Охрана построила евреев из Лунно в колонну по пять и вывела за ворота Келбасино. На станции Лососно их погрузили в поджидавший поезд, и охрана вернулась в Келбасин, где уже ждали следующие. Сам Келбасинский лагерь закрыли 19 декабря, в нем к этому времени оставались только гродненские евреи числом самое большое на один эшелон - около 2000 человек. В основном все из "полезных евреев" - представителей профессий, потребных в местном хозяйстве, и членов их семей. Для слабосильных и больных даже подали подводы!
Эшелон с Градовским, проследовав через Белосток, подошел к Варшаве, но налево, в направлении Треблинки, не повернул. Треблинка была у всех на слуху, ее все боялись. Но радоваться было решительно нечему: миновав Катовиц, поезд прибыл в Аушвиц. Произошло это 8 декабря 1942 года.
В Аушвице их "встречали", и на рампе - этом эсэсовском чистилище - произошла заурядная в таких случаях селекция: слабые и не пригодные к труду женщины, старики и дети до 14 лет - всего 796 человек - составили две длинные шеренги слева (отдельно женщины с девочками и отдельно пожилые или слабые мужчины с мальчиками), а остальные 231 человек, крепкие и здоровые мужчины, - еще одну шеренгу, но покороче, справа.
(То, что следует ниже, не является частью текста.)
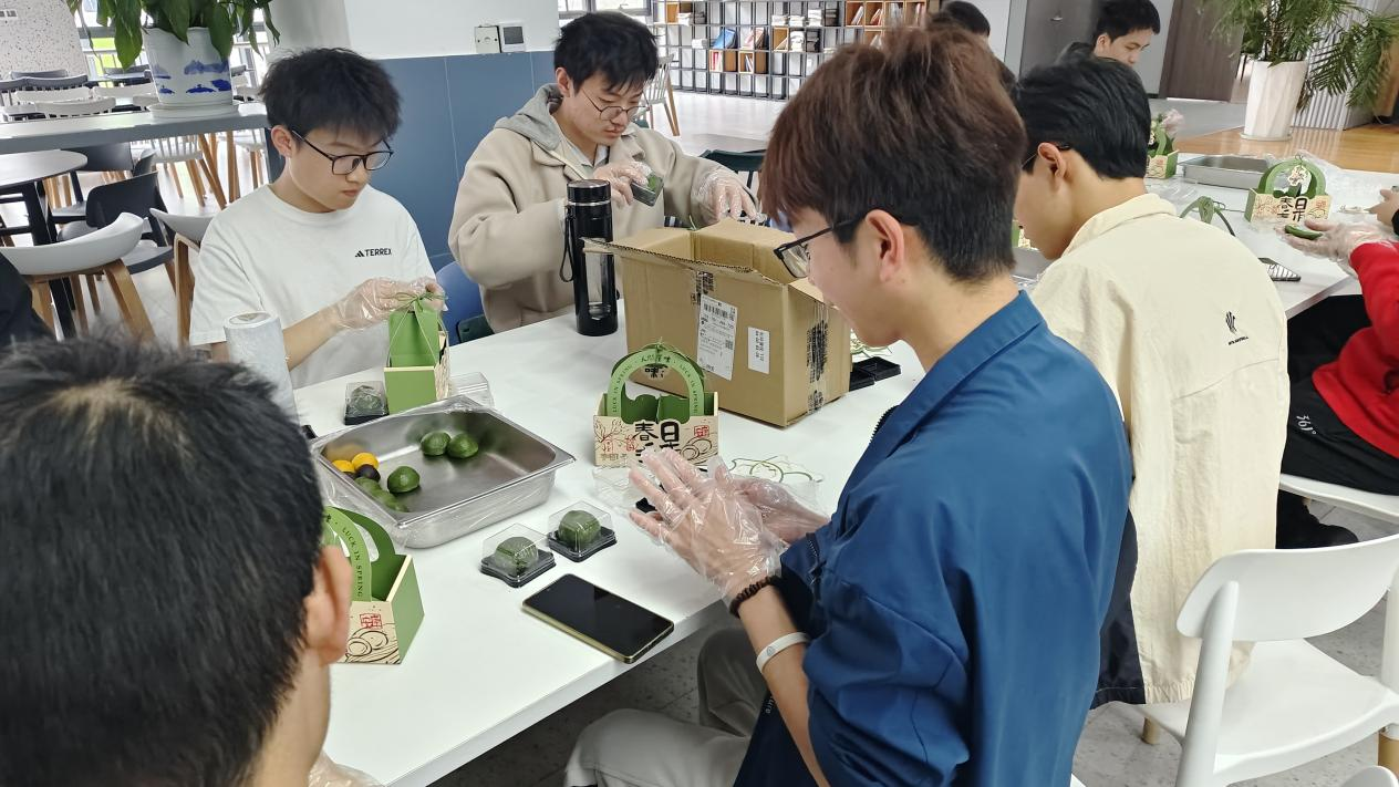 上午10点半,参与同学齐聚三食堂三楼,食堂工作人员提前备好青团食材、包装盒、手套等各类材料。活动正式开始后,同学们先动手折叠包装盒,搭配小挂件完成精美包装制作,随后开启青团手作环节。

Тех, кто оказался слева, затолкали, не церемонясь, в крытые брезентом грузовики, и в тот же день все они - а стало быть, и мать, жена, две сестры, тесть и шурин Градовского - погибли. Грузовики привезли их в местность чуть ли не идиллическую - внешне напоминавшую польский хуторок. После разгрузки всех заставили раздеться в легкой постройке и, дав по кусочку мыла, запустили в переоборудованную из крестьянского дома "баню" с на удивление массивными дверями и небольшим круглым окошком - на самом же деле в газовню.
С недоумением все смотрели наверх, на совершенно сухие краны, - обещанную воду все никак не пускали, а когда невидимые им люди в газовых масках вбросили сверху в "душевую" какие-то зеленоватые пористые кристаллы, жить им оставалось всего несколько минут, - правда, очень мучительных. Этот незримый, без цвета и запаха, газ - Циклон Б не знал жалости: перекрывая (буквально) человеческим тканям кислород, пары синильной кислоты начинали свое действие с невыносимой горечи во рту, затем царапали горло, сжимали грудину, вызывая головную боль, рвоту, судороги и одышку. Так что можно было только позавидовать тем, кто оказывался ближе всего к упавшим сверху кристаллам - вслед за короткими судорогами счастливчик терял сознание и уже не чувствовал, как наступал паралич всей дыхательной системы! Искореженные страданием, вцепившиеся друг в друга, окровавленные и перепачканные испражнениями трупы извлекали, грузили на вагонетки и сбрасывали в огромные и никогда не остывавшие ямы-костры… Не забыв, разумеется, перед тем заглянуть им в рот и вырвать золотые зубы, а у женщин - еще и выдрать сережки и срезать волосы.
2
…Отныне в живых из всей семьи оставался только он один - Залман Градовский, человек из правой шеренги. Крепкий и здоровый, он был нужен рейху пока живым.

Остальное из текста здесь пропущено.